When examined by IMS (secondary ion mass spectrometry),
The lateral growth portion was detected by about one digit less than the nickel trace addition portion, and diffusion in the amorphous silicon was observed. In addition, the amorphous portion was observed to be smaller by about one digit. The relationship between this and crystal morphology is not clear at present, but in any case, it is possible to form a silicon thin film having crystallinity of a desired crystal morphology in a desired portion by controlling the amount of nickel added and its position control. is there.

Next, the electrical characteristics of the above-mentioned trace amount nickel addition portion and the lateral growth portion in the vicinity thereof will be described. The electrical characteristics of the portion with a small amount of nickel added are about the same as those of the film with almost no nickel added, that is, the values obtained by crystallization at about 600 ° C. for several tens of hours. When the activation energy was calculated from the property, the addition amount of nickel was 10 ¹⁷ atoms / cm ³ to 10 ¹⁸ a.
When it was set to about toms / cm ^3, no behavior that could be attributed to the nickel level was observed.
(If limited to this fact, the nickel concentration in the film when used as an active layer of a TFT is 10 ¹⁸ atoms / c
It is concluded that there is no hindrance to the operation if m ³ or less)

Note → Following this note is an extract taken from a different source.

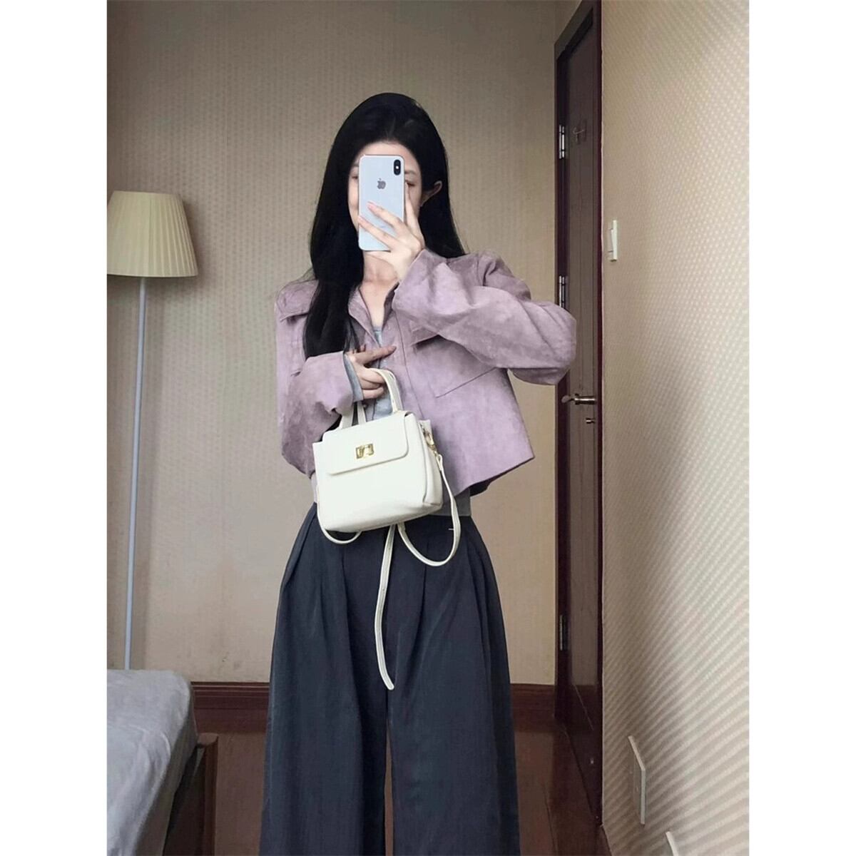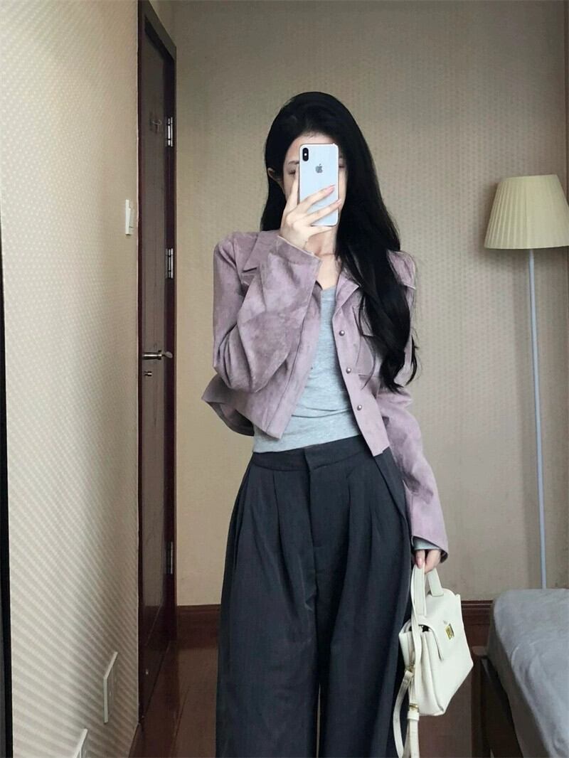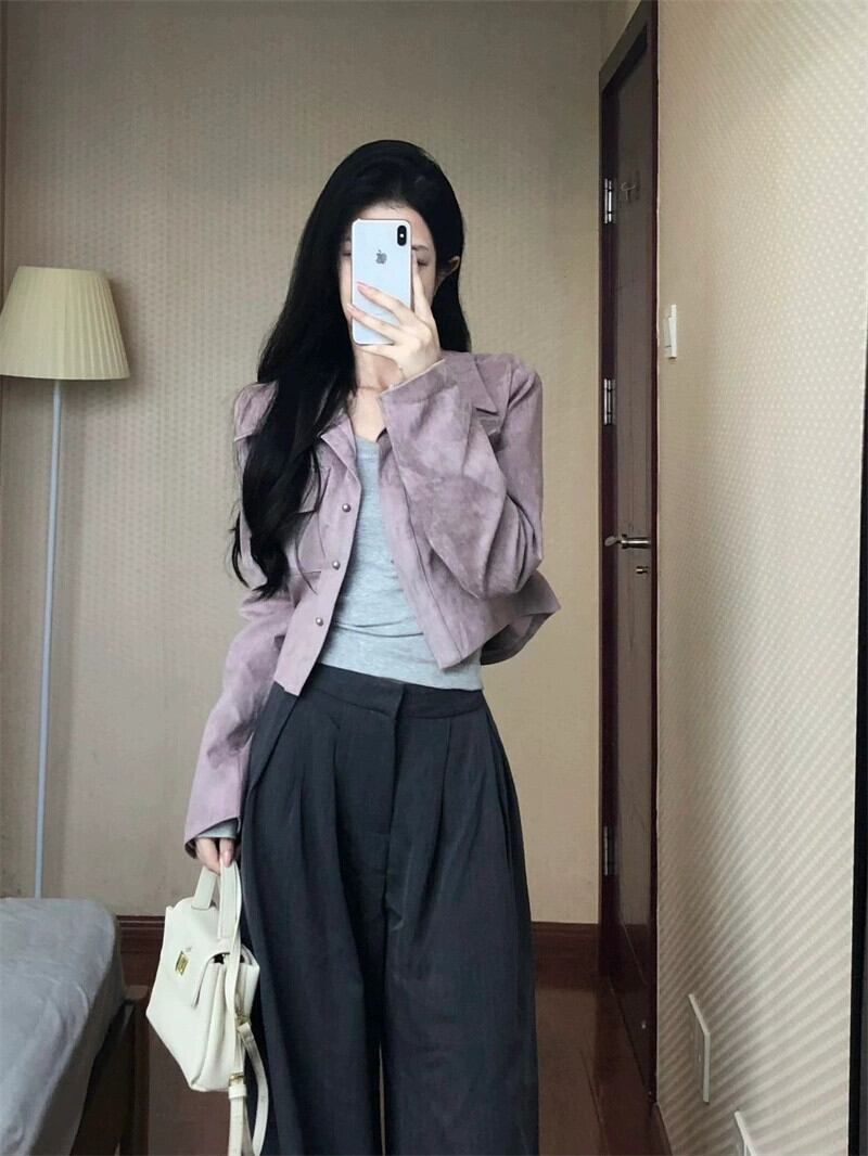 レトロ模造鹿革ベルベット長袖ジャケット女性初秋 2023 新しいスタイルフランスの気質ショートリトルジャケットトップ ロング オータム 秋物 missk95670408344

On the other hand, the lateral growth portion has a conductivity higher than that of the nickel trace addition portion by one digit or more, and has a considerably high value as a crystalline silicon semiconductor. This is considered to be due to the fact that there was little or no grain boundaries existing during the passage of electrons between the electrodes because the current path direction was aligned with the lateral growth direction of the crystal,
It is consistent with the result of the transmission electron micrograph. That is, it is in agreement with the observation fact that needle-like or columnar crystals grow in the direction parallel to the substrate.

Finally, a method of application to a TFT based on the above various characteristics will be described. Where TF
As an application field of T, an active type liquid crystal display device using a TFT for driving a pixel is assumed.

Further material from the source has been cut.